Personal information
- Full name: Domingos José Gabriel Bandeira
- Date of birth: 27 November 2003 (age 22)
- Place of birth: Luanda, Angola
- Height: 1.92 m (6 ft 4 in)
- Position: Centre-back

Team information
- Current team: Casa Pia
- Number: 3

Youth career
- Primeiro de Agosto

Senior career*
- Years: Team / Apps / (Gls)
- 2021–2024: Primeiro de Agosto
- 2024–2025: Dila Gori / 26 / (0)
- 2025–: Casa Pia / 13 / (0)

International career^{‡}
- 2022: Angola U-20 /  / (1)
- 2024–: Angola / 3 / (0)

Medal record
Men's football
Representing Angola
COSAFA Cup
| Winner | 2024 South Africa |  |

= Khaly =

Angolan footballer (born 2003)

Domingos José Gabriel Bandeira (born 27 November 2003), better known as Khaly, is an Angolan professional football player who plays as centre-back for Casa Pia and the Angola national team.

==Career==
A product of the Angolan club Primeiro de Agosto, Khaly moved to the Georgian club Dila Gori in 2024 in the Erovnuli Liga.
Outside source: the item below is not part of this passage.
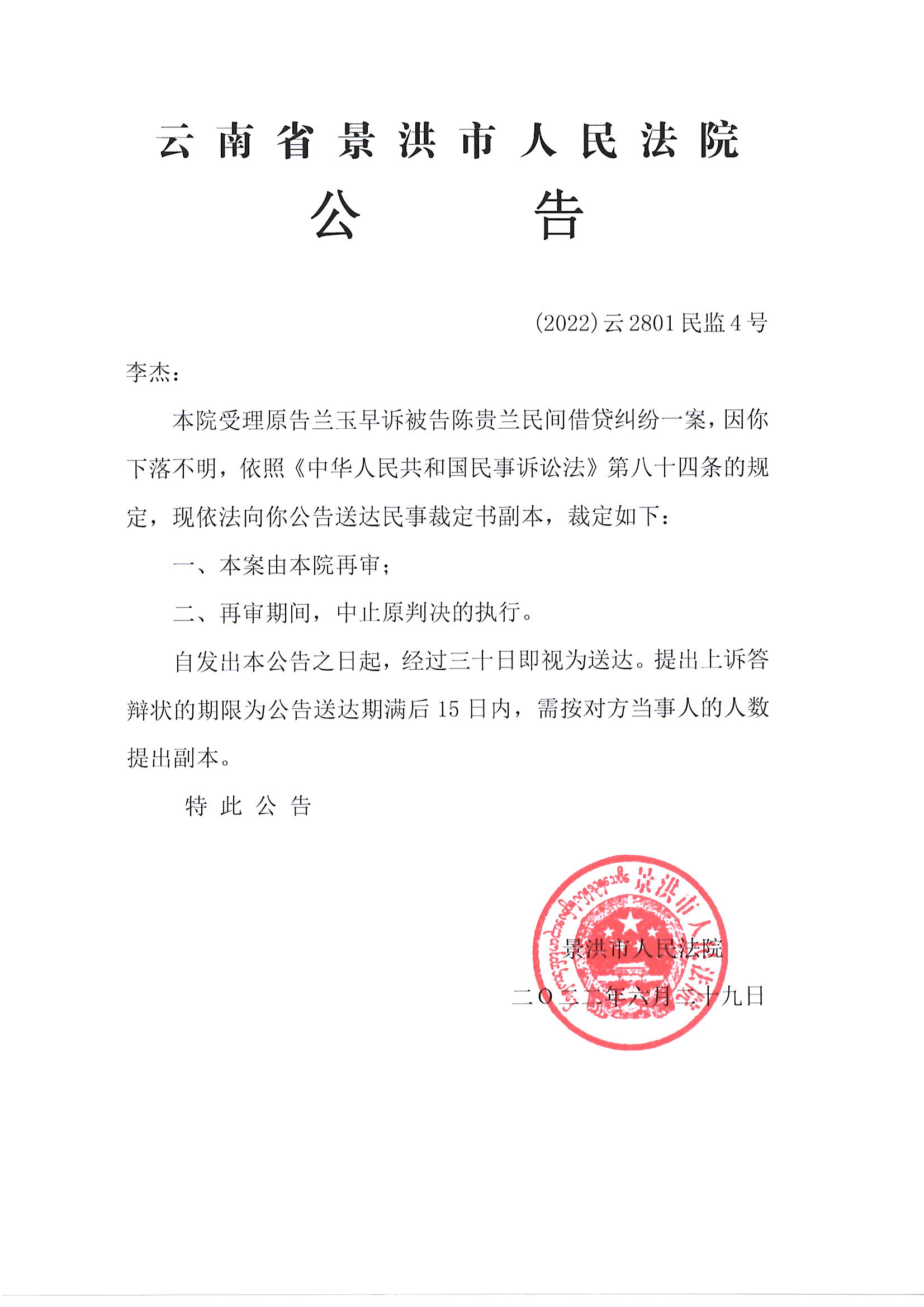李杰公告

On 31 January 2025, he transferred to Casa Pia in the Portuguese Primeira Liga.

==International career==
Khaly was part of the Angola national team that won the 2024 COSAFA Cup, a 5–0 win over Namibia on 7 July 2024.

==Personal life==
Khaly received his nickname to honour the former Angola international footballer Kali.